[SOURCE INFORMATION]
====

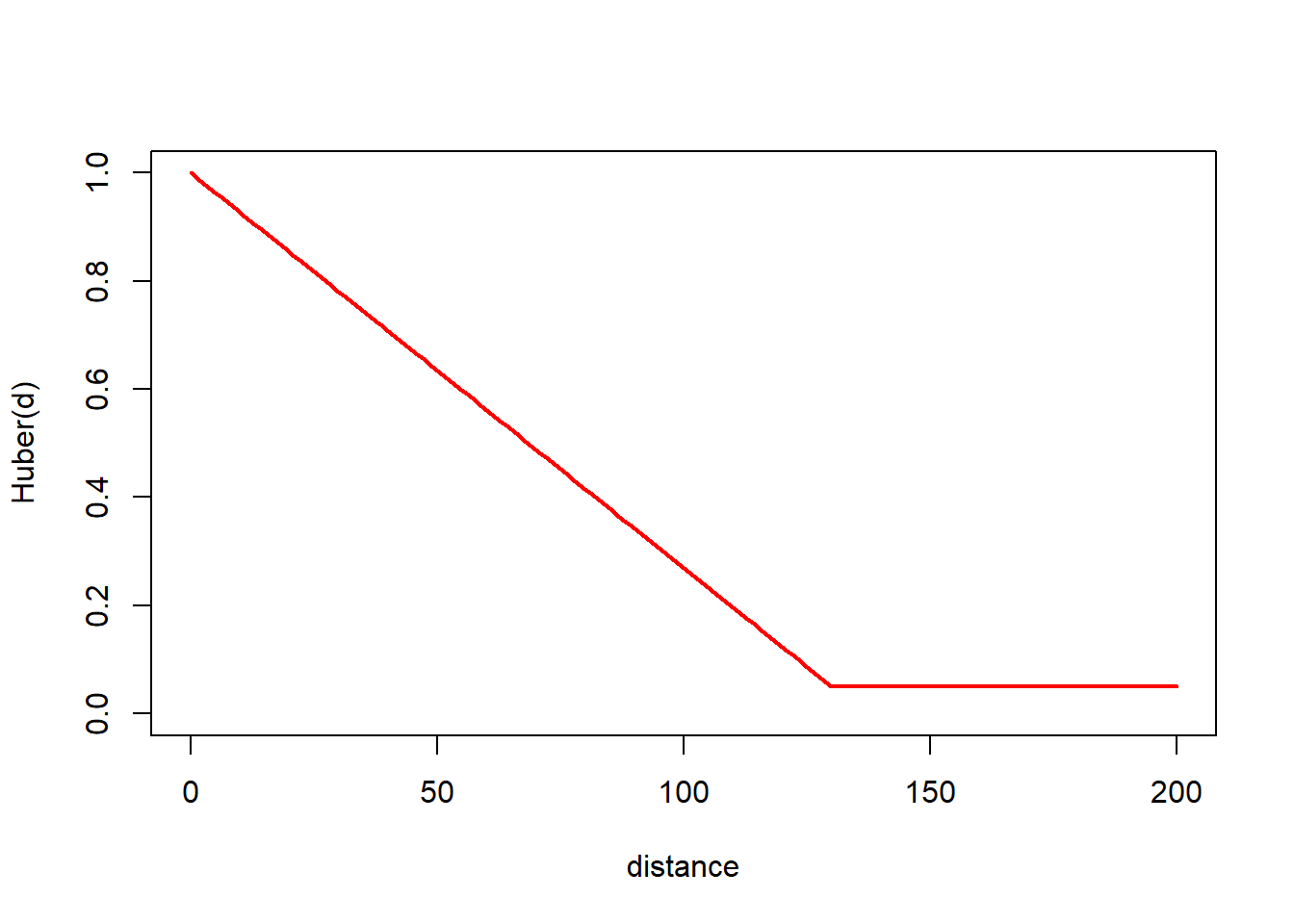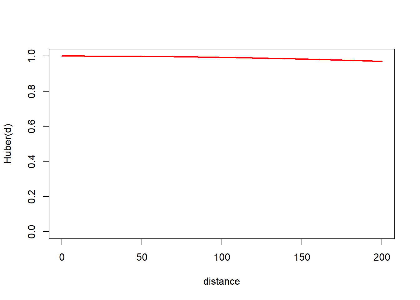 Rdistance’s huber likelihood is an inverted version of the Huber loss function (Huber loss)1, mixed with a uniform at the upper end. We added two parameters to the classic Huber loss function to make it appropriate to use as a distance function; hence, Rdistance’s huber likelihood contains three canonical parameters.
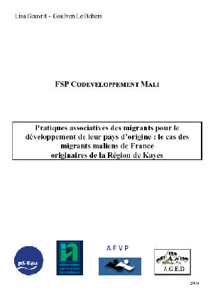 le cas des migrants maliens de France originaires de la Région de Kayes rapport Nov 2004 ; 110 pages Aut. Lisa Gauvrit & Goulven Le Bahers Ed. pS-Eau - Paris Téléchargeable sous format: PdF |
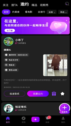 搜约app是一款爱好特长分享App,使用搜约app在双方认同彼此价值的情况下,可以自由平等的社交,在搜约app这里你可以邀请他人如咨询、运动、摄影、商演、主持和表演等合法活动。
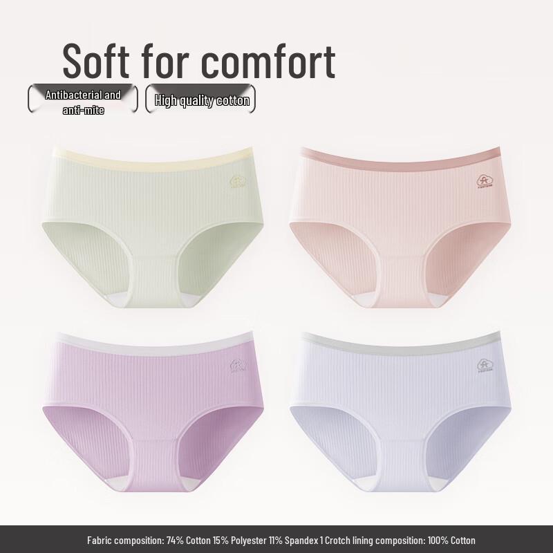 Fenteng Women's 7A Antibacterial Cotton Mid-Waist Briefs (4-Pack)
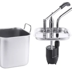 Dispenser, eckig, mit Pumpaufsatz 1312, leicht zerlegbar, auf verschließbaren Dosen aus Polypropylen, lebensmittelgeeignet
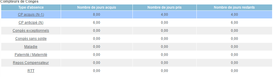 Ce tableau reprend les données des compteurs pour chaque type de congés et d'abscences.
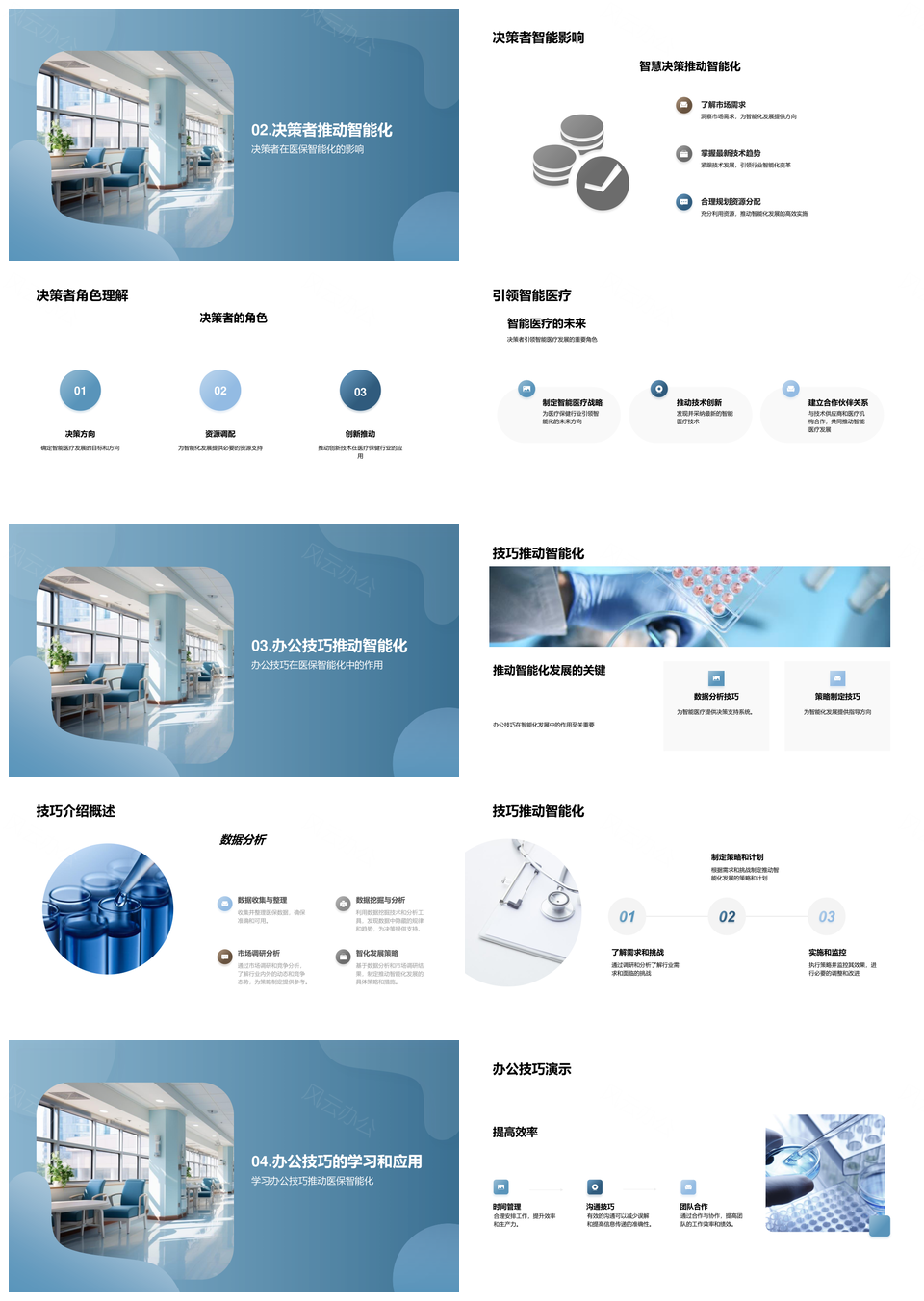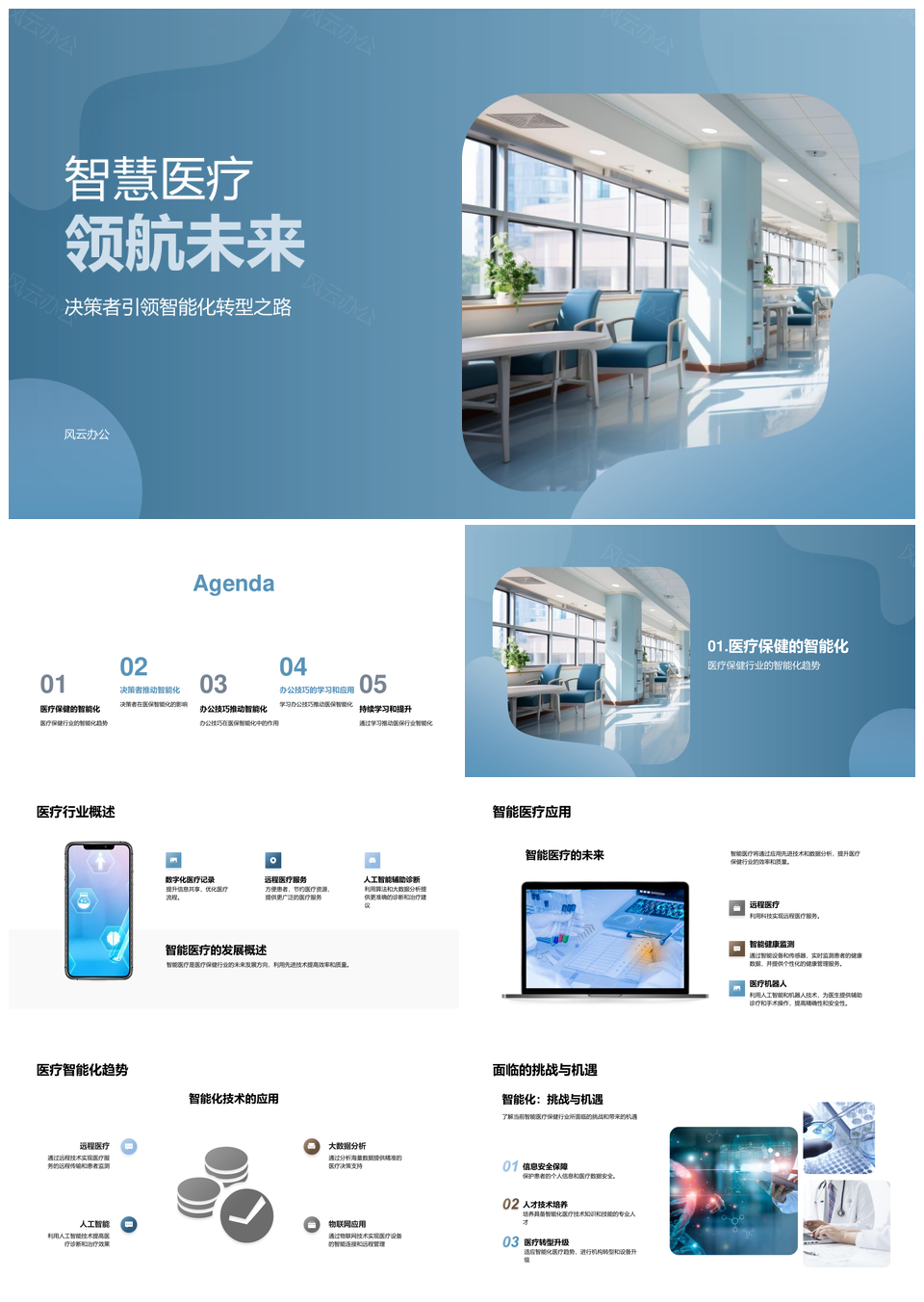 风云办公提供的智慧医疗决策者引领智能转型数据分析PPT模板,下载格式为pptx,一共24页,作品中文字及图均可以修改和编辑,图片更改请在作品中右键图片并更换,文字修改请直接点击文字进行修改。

====

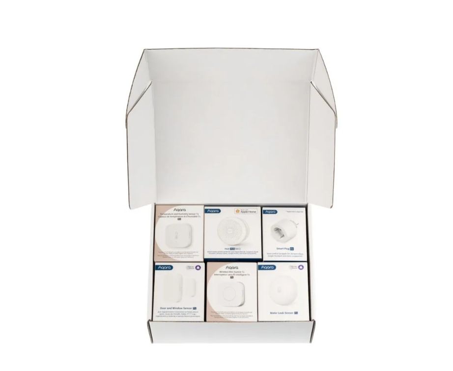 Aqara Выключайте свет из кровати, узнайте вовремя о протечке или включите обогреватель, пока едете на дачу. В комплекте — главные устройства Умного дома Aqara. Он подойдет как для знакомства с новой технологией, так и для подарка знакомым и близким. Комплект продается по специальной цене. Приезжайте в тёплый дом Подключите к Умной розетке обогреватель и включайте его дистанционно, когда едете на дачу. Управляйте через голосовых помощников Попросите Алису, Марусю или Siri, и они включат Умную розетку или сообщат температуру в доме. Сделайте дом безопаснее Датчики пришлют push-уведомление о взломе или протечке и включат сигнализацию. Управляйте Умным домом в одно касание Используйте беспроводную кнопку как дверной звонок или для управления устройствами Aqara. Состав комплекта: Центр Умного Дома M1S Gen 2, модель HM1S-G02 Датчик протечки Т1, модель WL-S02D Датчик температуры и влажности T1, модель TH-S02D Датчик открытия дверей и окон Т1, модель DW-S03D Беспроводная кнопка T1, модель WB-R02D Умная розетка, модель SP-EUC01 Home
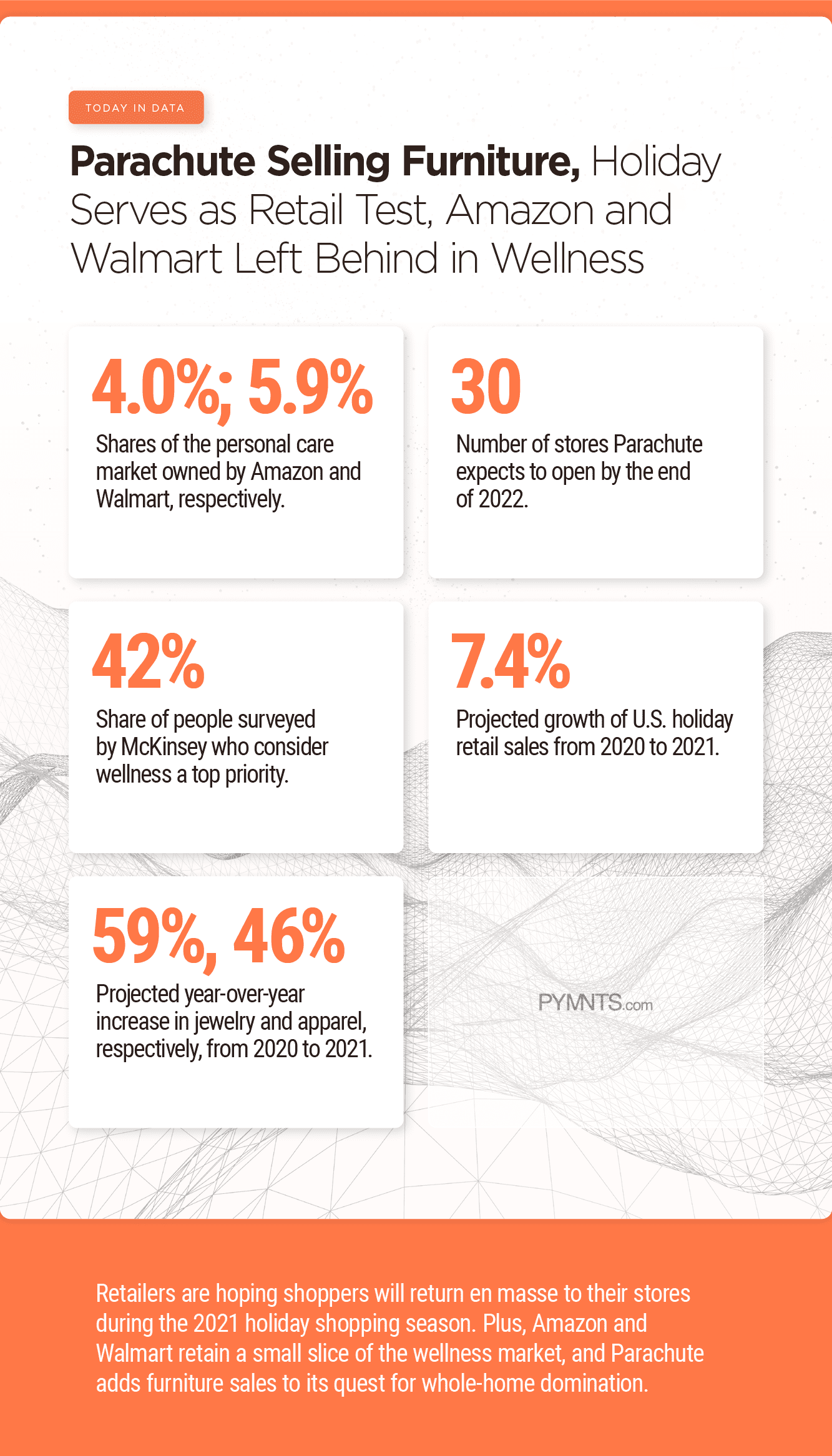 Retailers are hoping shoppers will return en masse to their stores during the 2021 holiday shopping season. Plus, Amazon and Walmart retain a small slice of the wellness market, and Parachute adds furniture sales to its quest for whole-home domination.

====

[TASK PROMPT]
Exactly reproduce the lines above, starting at the one that contains "le cas des migrants" and ending at the one that contains "风云办公提供的智慧医疗决策者", both inclusive; leave the pictures out and add no other lines.

[ANSWER BOX]
 le cas des migrants maliens de France originaires de la Région de Kayes rapport Nov 2004 ; 110 pages Aut. Lisa Gauvrit & Goulven Le Bahers Ed. pS-Eau - Paris Téléchargeable sous format: PdF |
 搜约app是一款爱好特长分享App,使用搜约app在双方认同彼此价值的情况下,可以自由平等的社交,在搜约app这里你可以邀请他人如咨询、运动、摄影、商演、主持和表演等合法活动。
 Fenteng Women's 7A Antibacterial Cotton Mid-Waist Briefs (4-Pack)
 Dispenser, eckig, mit Pumpaufsatz 1312, leicht zerlegbar, auf verschließbaren Dosen aus Polypropylen, lebensmittelgeeignet
 Ce tableau reprend les données des compteurs pour chaque type de congés et d'abscences.
 风云办公提供的智慧医疗决策者引领智能转型数据分析PPT模板,下载格式为pptx,一共24页,作品中文字及图均可以修改和编辑,图片更改请在作品中右键图片并更换,文字修改请直接点击文字进行修改。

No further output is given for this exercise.